Exercise prompt =
Apart from the pictures, the listing is to be returned exactly.
**** Given material
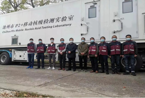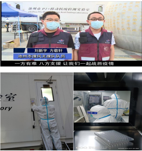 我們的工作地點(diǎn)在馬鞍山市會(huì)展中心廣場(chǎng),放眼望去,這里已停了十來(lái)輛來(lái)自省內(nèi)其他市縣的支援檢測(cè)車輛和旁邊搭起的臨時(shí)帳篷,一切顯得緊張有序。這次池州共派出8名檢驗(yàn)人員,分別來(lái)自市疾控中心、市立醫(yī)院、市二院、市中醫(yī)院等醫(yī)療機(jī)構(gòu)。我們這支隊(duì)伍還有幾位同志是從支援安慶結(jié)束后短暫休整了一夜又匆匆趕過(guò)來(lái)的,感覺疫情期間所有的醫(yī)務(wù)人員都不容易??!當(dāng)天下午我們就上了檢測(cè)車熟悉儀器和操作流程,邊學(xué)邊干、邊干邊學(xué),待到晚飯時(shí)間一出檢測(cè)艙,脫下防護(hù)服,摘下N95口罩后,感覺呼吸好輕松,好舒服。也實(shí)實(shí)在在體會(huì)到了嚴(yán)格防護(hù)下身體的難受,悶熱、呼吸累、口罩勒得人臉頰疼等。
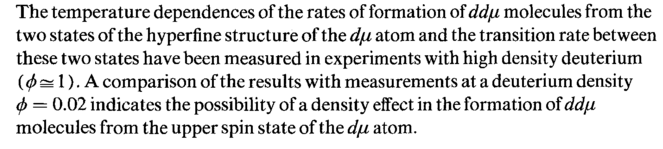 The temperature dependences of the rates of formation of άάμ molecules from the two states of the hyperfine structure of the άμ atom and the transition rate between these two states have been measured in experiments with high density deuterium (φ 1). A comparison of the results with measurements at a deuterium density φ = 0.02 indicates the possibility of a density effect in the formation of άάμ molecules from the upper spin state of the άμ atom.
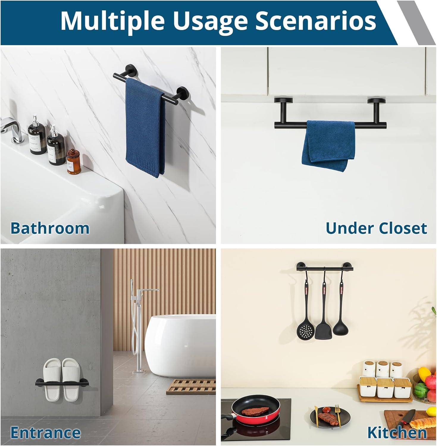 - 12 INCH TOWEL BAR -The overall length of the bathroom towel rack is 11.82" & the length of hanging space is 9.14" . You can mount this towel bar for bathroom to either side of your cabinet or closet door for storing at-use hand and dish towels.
********
Completed task =
 我們的工作地點(diǎn)在馬鞍山市會(huì)展中心廣場(chǎng),放眼望去,這里已停了十來(lái)輛來(lái)自省內(nèi)其他市縣的支援檢測(cè)車輛和旁邊搭起的臨時(shí)帳篷,一切顯得緊張有序。這次池州共派出8名檢驗(yàn)人員,分別來(lái)自市疾控中心、市立醫(yī)院、市二院、市中醫(yī)院等醫(yī)療機(jī)構(gòu)。我們這支隊(duì)伍還有幾位同志是從支援安慶結(jié)束后短暫休整了一夜又匆匆趕過(guò)來(lái)的,感覺疫情期間所有的醫(yī)務(wù)人員都不容易??!當(dāng)天下午我們就上了檢測(cè)車熟悉儀器和操作流程,邊學(xué)邊干、邊干邊學(xué),待到晚飯時(shí)間一出檢測(cè)艙,脫下防護(hù)服,摘下N95口罩后,感覺呼吸好輕松,好舒服。也實(shí)實(shí)在在體會(huì)到了嚴(yán)格防護(hù)下身體的難受,悶熱、呼吸累、口罩勒得人臉頰疼等。
 The temperature dependences of the rates of formation of άάμ molecules from the two states of the hyperfine structure of the άμ atom and the transition rate between these two states have been measured in experiments with high density deuterium (φ 1). A comparison of the results with measurements at a deuterium density φ = 0.02 indicates the possibility of a density effect in the formation of άάμ molecules from the upper spin state of the άμ atom.
 - 12 INCH TOWEL BAR -The overall length of the bathroom towel rack is 11.82" & the length of hanging space is 9.14" . You can mount this towel bar for bathroom to either side of your cabinet or closet door for storing at-use hand and dish towels.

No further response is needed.